SUKABUMI- Lebih baik pemerintah segera memperbanyak sekolah-sekolah sarjana kebidanan untuk meningkatkan kemampuan tenaga kesehatan bidan Indonesia, ketimbang membatasi bidan untuk bekerja mandiri seperti dalam Rancangan Undang-Undang (RUU) Kebidanan yang sedang digodog oleh pemerintah dan DPR saat ini. Saat ini, program sarjana kebidanan yang disediakan pemerintah di seluruh Indonesia hanya ada 3 Universitas yaitu di Universitas Brawijaya-Malang, Universitas Airlangga-Surabaya dan Universitas Hassanudin-Makassar.
“Kalau bidan vokasi lulusan D-3 tidak boleh melakukan praktek mandiri dan diarahkan menjadi bidan profesional atau sarjana kebidanan, tunjukan dimana sekarang kami harus sekolah sarjana?
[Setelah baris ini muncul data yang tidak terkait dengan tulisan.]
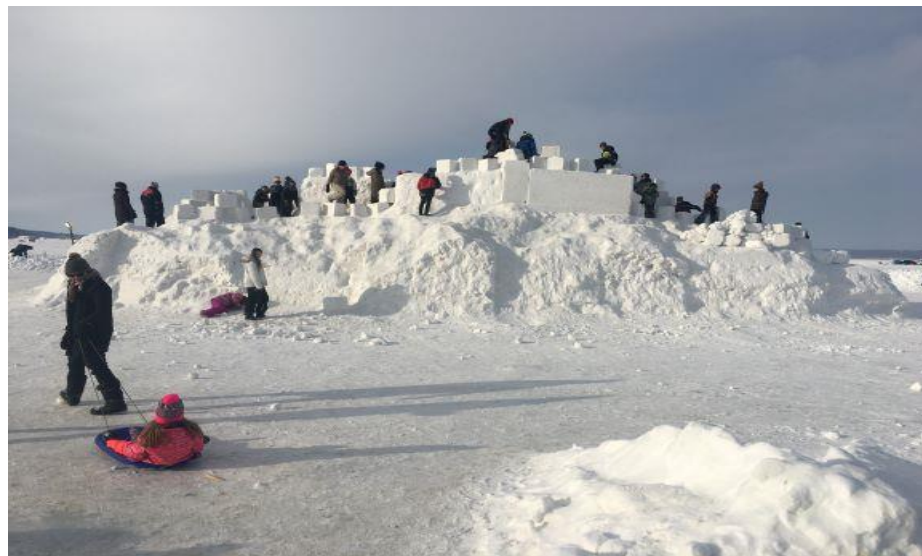
LAKE – WINTER

Disclaimer: The information contained herein is derived from sources believed reliable; however, no warranties or representations are being made regarding such information by MNP Ltd. (Receiver) Royal LePage Commercial – Mission and Royal LePage Noralta or their associates, including the potential income, costs, or profits associated with the property. Interested parties are strongly advised to consult qualified professional investment, financial and tax advice. All offices are independently owned and operated, except those offices marked as "Royal LePage Real Estate Services Ltd." Royal LePage is a registered trade-mark used under license. © 2012 Brookfield Real Estate Services Manager Limited.
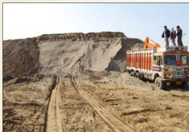
Plate 6 : Process of sand mining : thick column of sand (light grey) is removed. Overlying top soil cover (dark grey) is pushed down the slope to evenly spread over the sand pit

It is important to understand as how sand mining is done so that one can understand the reasons for the changes in soil properties etc (Plate 6&7). First of all, the soil mass is scraped from upper 2 to 3 meters, which contains mostly clay, silt and sand and is purposely saved and stacked aside in heaps,
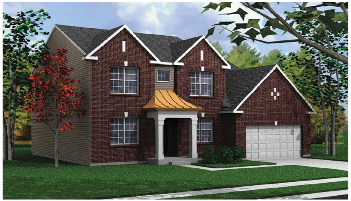
Architectural Style F

The Carrington is a spacious 2-story home with a full basement. The home's charming features include a covered front porch, a formal living and dining room, a grand master suite, and a tremendously large eat-in kitchen. There are also 4 bedrooms plus a generous sized loft, several walk-in closets, 2 ½ baths and a 2-car attached garage to complete the home's functionality.
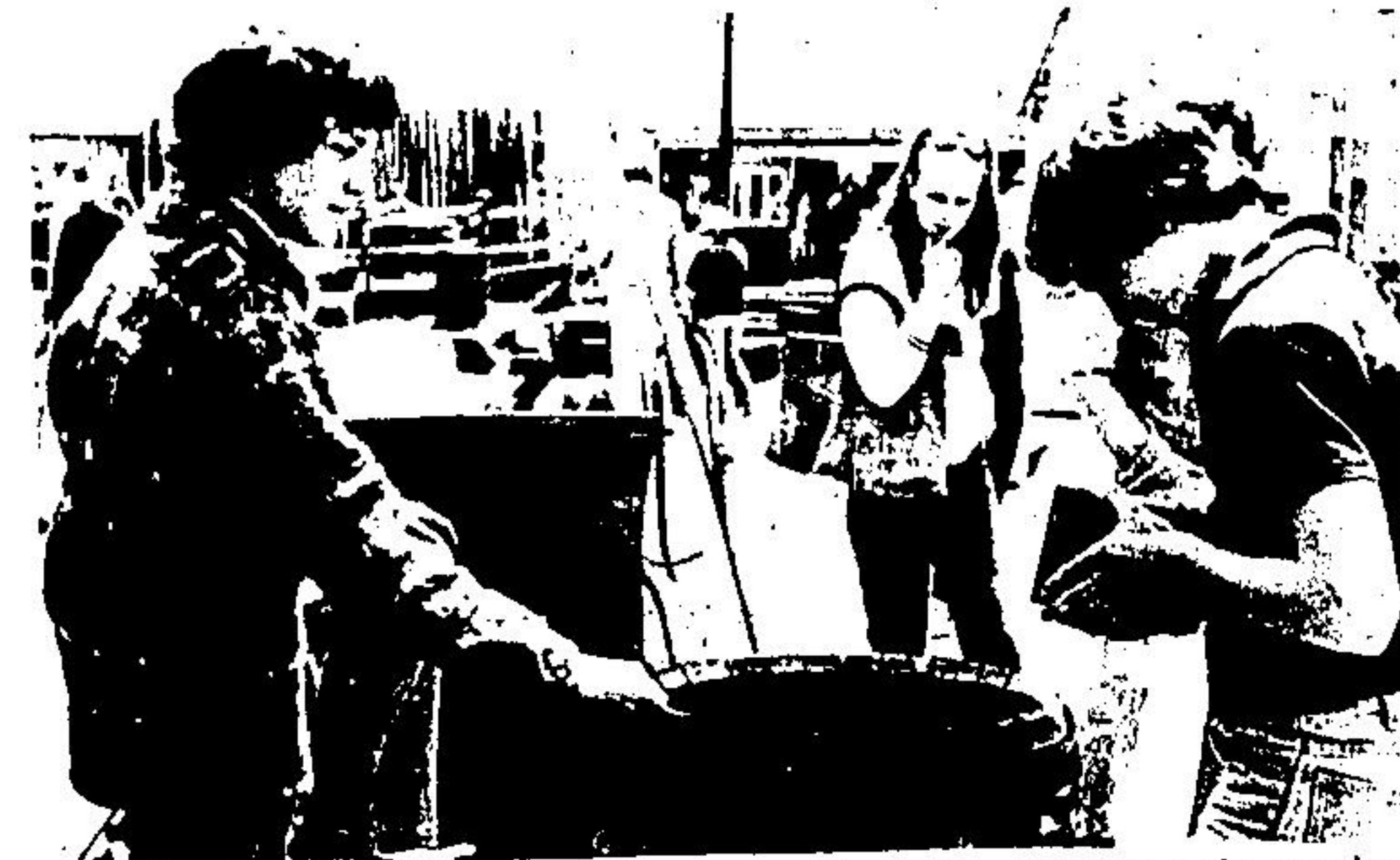
Brothers play with an old camera they found for sale at the market and pretend to be taking each other's picture.
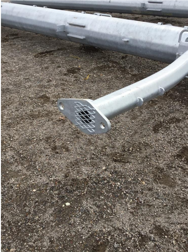
Photo 4: Small openings are covered to prevent wildlife use in accordance with the Project's ITP.
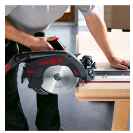
Thanks to the unique tilting system, the sawblade always cuts directly along the rubber lip, irrespective of the angle setting.
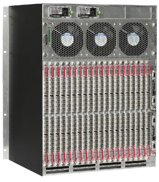
VXV320 Router · Front
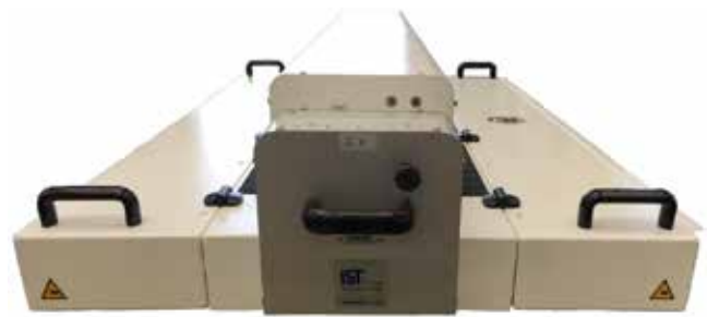
IST UV interdeck curing
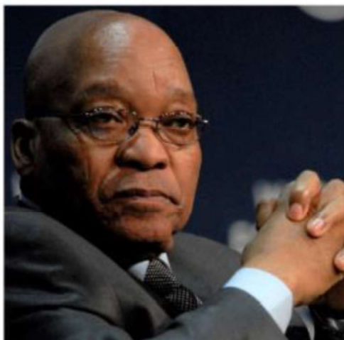
Former SA president Jacob Zuma

All this was triggered by a long-brewing spat between Zuma, the Zondo

Karena kan dasar pikirnya seharusnya menyediakan sekolah sarjana, bukan malah membatasi kerja bidan dulu,” tegas Ketua Forum Bidan Desa Forbides-PTT, Sukabumi, Jawa Barat, Amida Sari kepada Bergelora.com, Rabu (10/8) seusai sosialisasi RUU Kebidanan di Pelabuhan Ratu, Sukabumi bersama Ikatan Bidan Indonesia dan Anggota Komisi IX DPR-RI, dr. Ribka Tjiptaning.
Bidan Amida Sari mengingatkan Rancangan Undang-Undang mensyaratkan hanya bidan profesional yang diijinkan untuk bekerja mandiri, namun pemerintah tidak menyediakan fasilitas program pendidikan sarjana kebidanan. Hal ini sama saja pemerintah akan mengeliminasi peran bidan yang selama ini sudah bekerja dimasyarakat.
“Sudah sejauh mana pemerintah menyediakan tempat untuk sekolah kebidanan untuk menjadi profesional. Jangan sampai kita disuruh sekolah tapi sekolahnya tidak ada. Mayoritas yang selama ini bekerja adalah bidan vokasi dengan pendidikan diploma,” katanya.
Selama ini, menurutnya, kebutuhan tenaga kesehatan bidan di desa-desa adalah untuk menutupi kekurangan tenaga dokter sampai ke desa-desa terpencil, tertinggal dan perbatasan diseluruh Indonesia.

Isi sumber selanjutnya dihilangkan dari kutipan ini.